Пока мужики трясли купцов, перебрались они на Яволодов корабль. Глянул назад атаман и похолодел: где уж им, даже ежели и поспешить, уйти сразу от двух лодий!.. Мужики тоже спохватились, побросали добычу, взялись за мечи: коль погибать, то в открытом бою.

И тут, откуда, ни возьмись, появился на корме лодии Мошка: должно, проспал начало боя в избе. Черная борода на ветру полощется, в жилистых руках – меч. Взмахнул Мошка мечом, присел – и двух воев как не бывало, взмахнул еще раз – рассек воеводу. Оробевшие вои потеснились от кормы, а Яволоду только того и надо. Свистнул он – и полезли мужики на лодию. Сам Яволод, уходя последним, пробил у купецкого корабля днище. Захлебнувшись водой, корабль накренился и пошел ко дну.

– Ай да Мошка! – говорили мужики, возбужденные после недавно пережитого испуга. – Двоих разом уложил. А воеводу-то, воеводу...

Мошка отмахивался от них:

– Куда мне. Это со страху. Единожды ударил, а воевода сам под меч угодил.

Вздув ветрила, Яволодова лодия быстро уходила от замешкавшихся преследователей.

Было такое, было. Но было и другое. Это когда мужики, оставшись без дела, звали Яволода поозоровать по деревням.

– На кого руку подымаете? – пробовал усовестить их Яволод.– Чай, сами мы из крестьян, не боярского роду-племени...

– А жрать что будем? – со злыми ухмылками спрашивали мужики.– Аль посошок в руки да и по милостыньку?.. Мы – люди вольны. Ты, атаман, не стой нам поперек пути.

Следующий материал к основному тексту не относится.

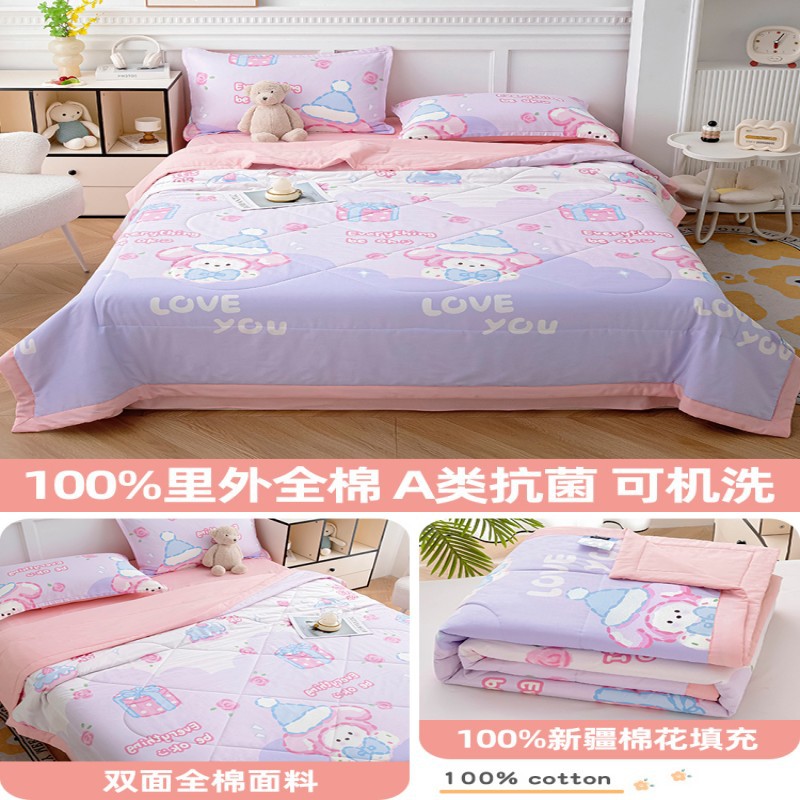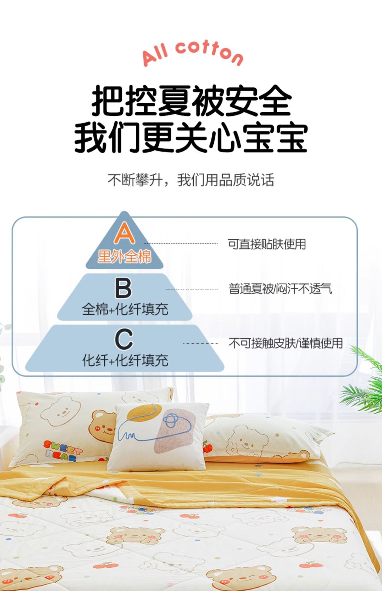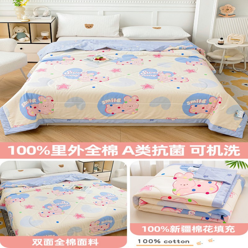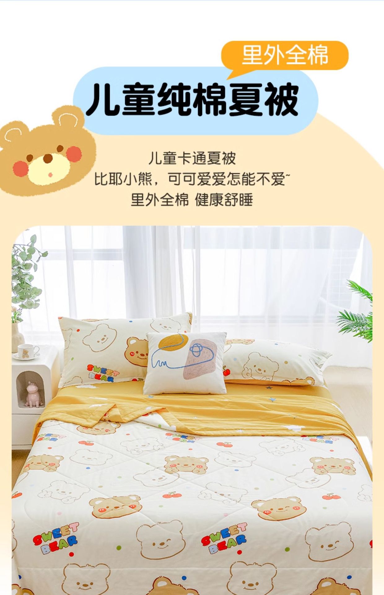 100% 순수 면 어린이 여름 이불 에어컨 이불 유치원 여름 얇은 이불 세척 가능한 여름 이불 봄과 가을 이불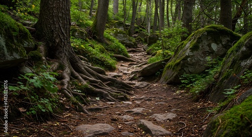 Fototapeta premium Forest Path Surrounded by Lush Greenery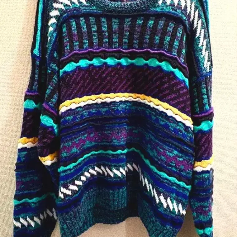 올 패턴 3D 니트 쿠지풍 파랑/보라색/그린 계열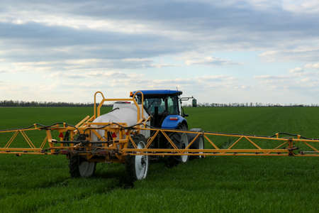 Tractor spraying pesticide in the field on spring day. agricultural industry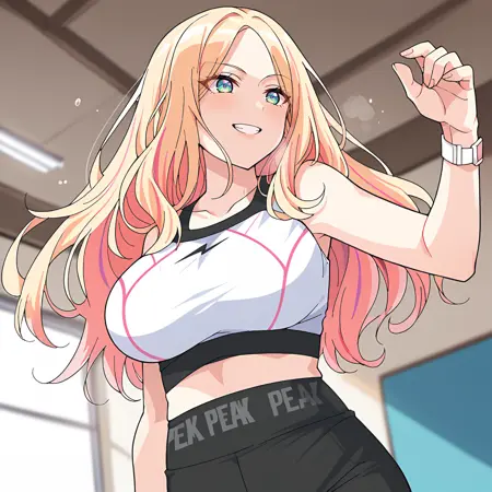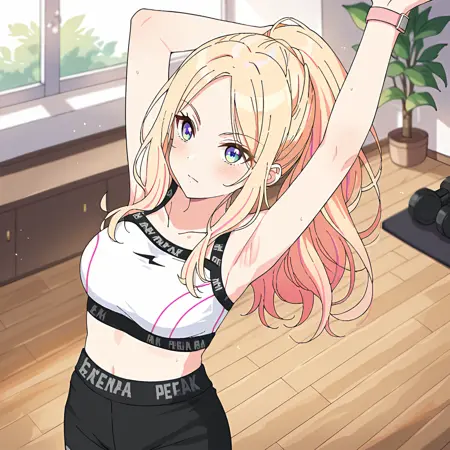 1girl, senajuo2idol, multicolored hair, sepe2 yoga pants, sepe3 sports bra, black sneakers, wristwatch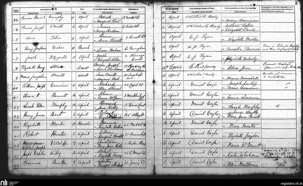 St. Mary's, Dublin city; County of Dublin; Archdiocese of Dublin. Baptisms, Apr. 1883

– Не пущу,– решительно сказал Яволод.– Вы меня знаете...

– А то не знать!..

– Поостерегись, атаман...

– Да чо на него глядеть? Пошли, ребята!..

Тяжело дыша, придвинулись мужики к атаману, заскорузлые ладони потянулись к ножам.

Тогда Мошка протиснулся вперед и встал рядом с Яволодом, загораживая сход с лодии. Встала рядом с атаманом и Феклуша. Увидев перед собой нахохлившуюся, как воробей, решительную девочку, мужики повеселели:

– Ай да защитница у тебя, атаман!

– Вот так девка!..

Но намерений своих не оставили:

– Всход-то ослобони, не то...

Побледневший до желтизны Мошка, сжимая рукоять тяжелого меча, тихо пообещал:

– Первому, кто сунется, голову снесу...

Вяжись лычко с лычком, ремешок с ремешком. Не забыл атаман Мошкину услугу.

Про то, что тогда случилось, мужики не любили вспоминать. Стыдно было. Впервой не поверили атаману.

Да и Яволод не попрекал их, делал вид, будто ничего и не было. За то и любили мужики атамана – зла Яволод у сердца не хоронил. Нравом был отходчив, умом смел. Рука у атамана хоть и тверда, а справедлива.

А Мошку с той поры принимал атаман словно брата единоутробного. Даже избу поставил не где-нибудь, а рядом с Мошкиной землянкой. Звал к себе зимовать, но Мошка отказался.

– Ты, атаман, всем нам отец,– сказал он.– У отца же – все дети родные. Негоже одному дитяти в сапожках ходить, а другому в старых лаптях...

Зима в тот год на реке Юге стояла лютая – с метелями и обильными снегопадами. Землянки утонули в сугробах, только вьется над ними синий парок...

Как-то раз, в январе это было, солнышко повернуло на весну, отправился Мошка на лыжах поглядеть, нет ли в лесу зайцев. Долго шел, а зайцев все нет – ни следа на снегу, только птичья затейливая паутинка.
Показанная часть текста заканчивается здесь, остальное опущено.